From Covenant Presbyterian Church.
It is hard to know where to start – there are so many exciting developments.
A small group from Covenant (Jim Ingvoldstad, Debbie Griffin and Lee Wilder) and Debbie’s son (Zack Pitts) and Kurt Swensson, a structural engineer, went to Haiti the first week in May to check on our ongoing projects. As always, the trip unfolded in ways that we did not expect but with wonderful results.
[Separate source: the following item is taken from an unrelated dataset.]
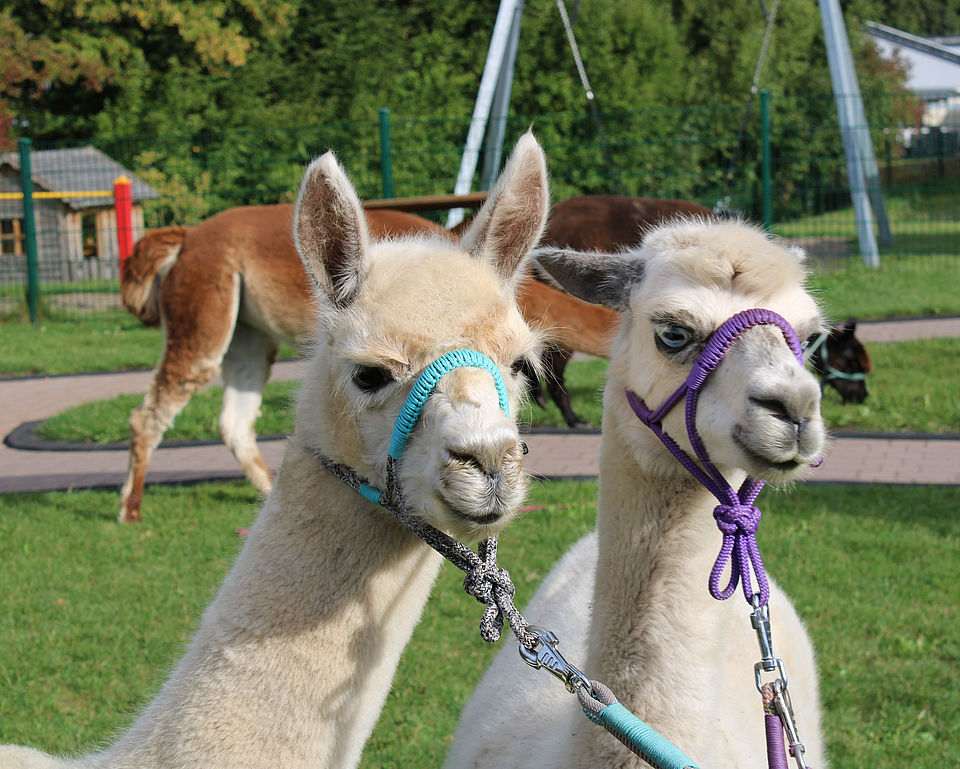 Ein ganz besonderer Besuch sorgte am 22. September 2025 für leuchtende Augen in der DRK-Kordes-Kita Uslar. Sina Wedekind und ihre vier Alpakas Elsa, Jonah, Nala und Daisy waren zu Gast. Im Rahmen eines inklusiven Projektes hatten sich insgesamt 38 Kindergartenkinder im Alter von 3-6 Jahren angemeldet und nun die Gelegenheit, die Tiere hautnah auf dem Kindergartenspielplatz zu erleben.

- WATER. We learned that clinic at Nouvelle Citie had been without water for a year. Apparently, the earthquake of 2010 resulted in some rubble filling the bottom of the well and damaging the pump. The partnership had worked to assess the problem and get it fixed but the extent of the progress was acquiring a new pump and having an expert from Port au Prince come and confirm that there was water in the well. Pere Soner was extremely discouraged by the situation but Kurt and Zack offered to take a look at the pump. They looked at the old pump, the pipelines and decided to give it a shot. With an old suitcase full of random tools, ingenuity and quite a few helpers, Zack and Kurt rigged up the new pump and we (very, very slowly) lowered it 175 feet into the well. With hearts in throats, the pump was turned on….. and WATER spewed forth. Hugs, cheers and tears followed. Women raced up the hill from the clinic to see for themselves. It is overwhelmingly humbling to truly understand how much we take water for granted.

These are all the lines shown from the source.